A Colonel and Public Affairs officers stage a motivational scene with the men, the Colonel telling them the battle will be easy because the German army has been relentlessly bombarded. After an awkward, forced speech, the men are told to cheer. As the Colonel leaves wishing them luck, Private Daventry remarks that he will not be with them. Winter takes him aside and harshly admonishes him for his disrespect. Billy encounters the blasted remains of two privates sent on an errand, dismembered by a shell.

Harte informs Winter that the company commander has ordered a night patrol to bomb the German trench and review the status of their defenses. Winter takes Private Beckwith to bomb the trench, and they capture a German soldier trying to flee. Lance Corporal Dell harasses the prisoner and Daventry speaks to him briefly in German. He tells the platoon that the Germans have clearly not been wiped out as the Colonel said, and are in good spirits.

On the morning of the attack, Lieutenant Harte informs Winter that because another platoon has got lost during the night, they will be going over in the first wave instead. Winter sends Dell to retrieve the platoon's rum ration, but Dell drops it in shock after seeing a wounded man being carried past. He drinks a large amount before a shell knocks him down and breaks the bottle and returns to Winter drunk. Winter requests Harte relinquish his personal whisky for the men, and after refusing, he relents as the men line up. MacFarlane tells Winter he is afraid to go over the top and Winter reassures him he is the type who will make it.
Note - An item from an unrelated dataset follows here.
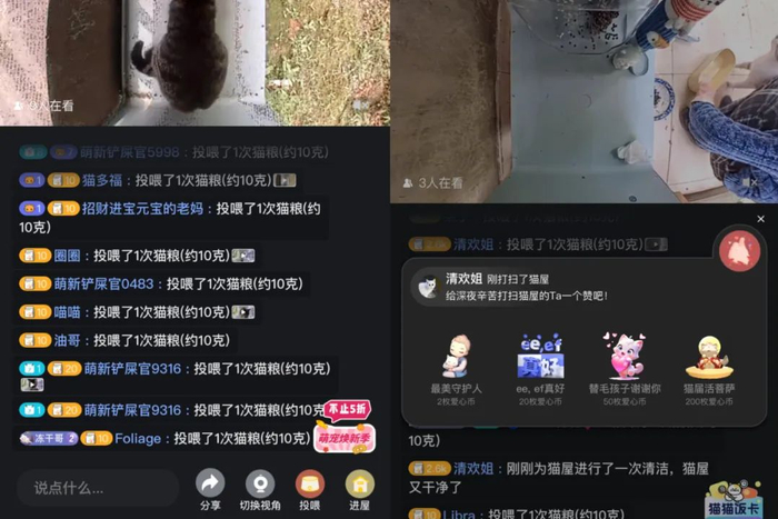 以街猫为首的平台正是看到了流浪动物救助的潜在市场,通过“直播+云投喂”的模式,打破传统的纯公益概念,将流浪猫喂养做成了一门“生意”。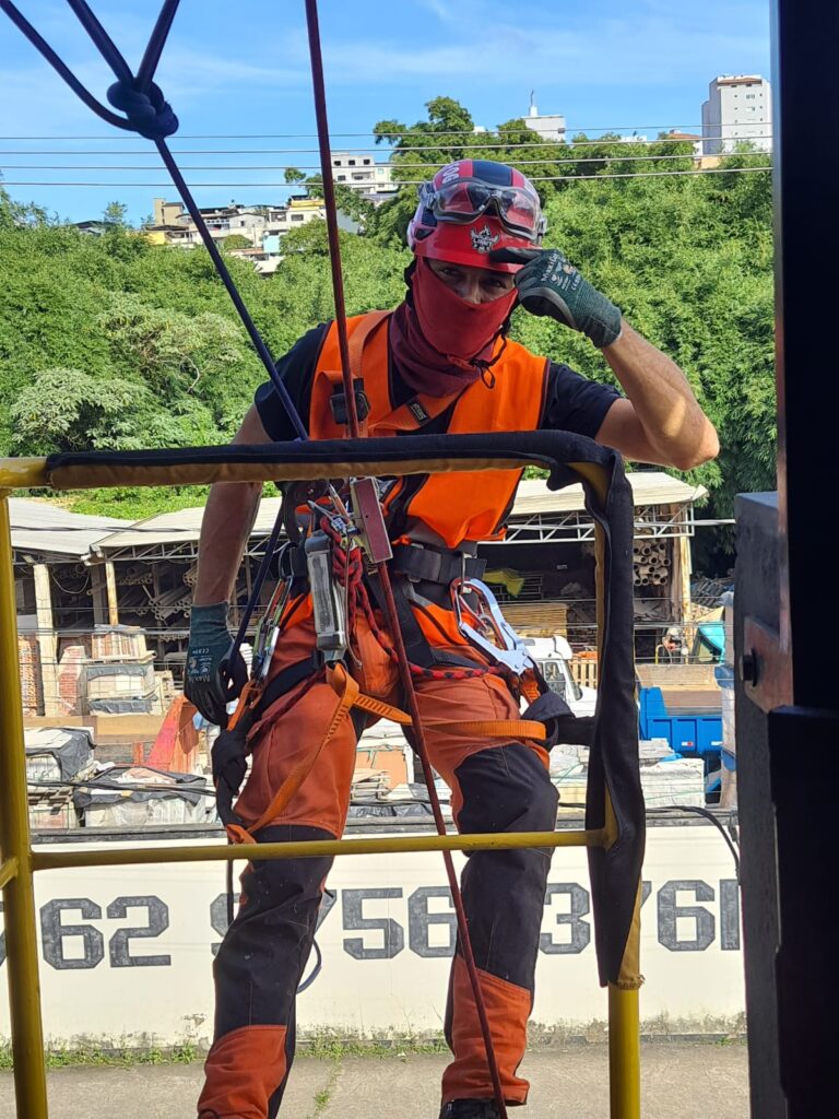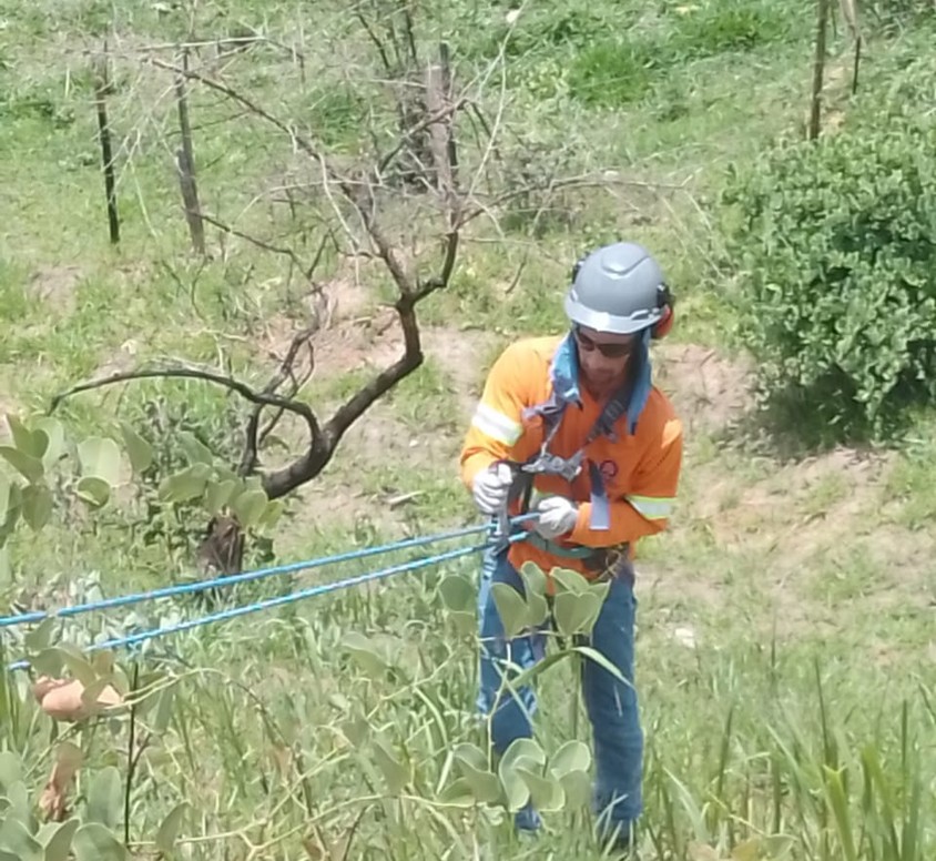 Aqui também somos “desafiados” a levar solução para os clientes em campo diante dos desafios apresentados, por isso estudamos as causas e possíveis consequências para melhor atender aos nossos clientes. Esta imagem representa a solicitação do cliente para criarmos um treinamento de resgate técnico industrial para trabalhos em taludes com cordas.

MacFarlane looks again at the stolen picture of the girl he believes he knows from the Post Office.

The men go over the top into intense gunfire. Winter is immediately shot in the leg, tries to hide it as he helps MacFarlane out of the trench, is shot several more times and falls back onto MacFarlane. The men struggle out into no man's land where they are shot down, including MacFarlane.

==Cast==
- Paul Nicholls as Pte. Billy Macfarlane
- Daniel Craig as Sgt. Telford Winter, the platoon sergeant
- Julian Rhind-Tutt as 2nd Lt. Ellis Harte, the platoon commander
- Danny Dyer as LCpl. Victor Dell
- James D'Arcy as Pte. Colin Daventry, a British soldier who starts to worry that he will not survive the war.
- Tam Williams as Pte. Eddie Macfarlane, Billy's older brother, who many believed has pressured Billy into signing up.
- Anthony Strachan as Pte. Horace Beckwith, an overweight Scottish soldier who is engaged to be married after the war. He is eager to kill German soldiers to avenge his friends who have died.
- Michael Moreland as Pte. George Hogg, a friend of Beckwith who becomes angry at him for keeping his engagement a secret from him.
- Adrian Lukis as Lt. Col. Villiers, the battalion's commanding officer
- Ciarán McMenamin as Pte. Charlie Ambrose
- Cillian Murphy as Pte. Rag Rookwood
- John Higgins as Pte. Cornwallis
- Ben Whishaw as Pte. James Deamis
- Tim Murphy as Pte. Bone, Lt Harte's aide
- Danny Nutt as Pte. Dieter Zimmermann, a German soldier captured by Winter and Beckwith

==Critical reception==
The film was praised by critics for its personal take on the experience of the soldier as opposed to a more traditional action-oriented war film. Variety described the emotional buildup to the final scene as having a "devastatingly hollow note", while the New York Times appreciated its subtle characterization of the platoon as "naive" in the face of a "demonized" enemy. The film holds a 58 score on Metacritic.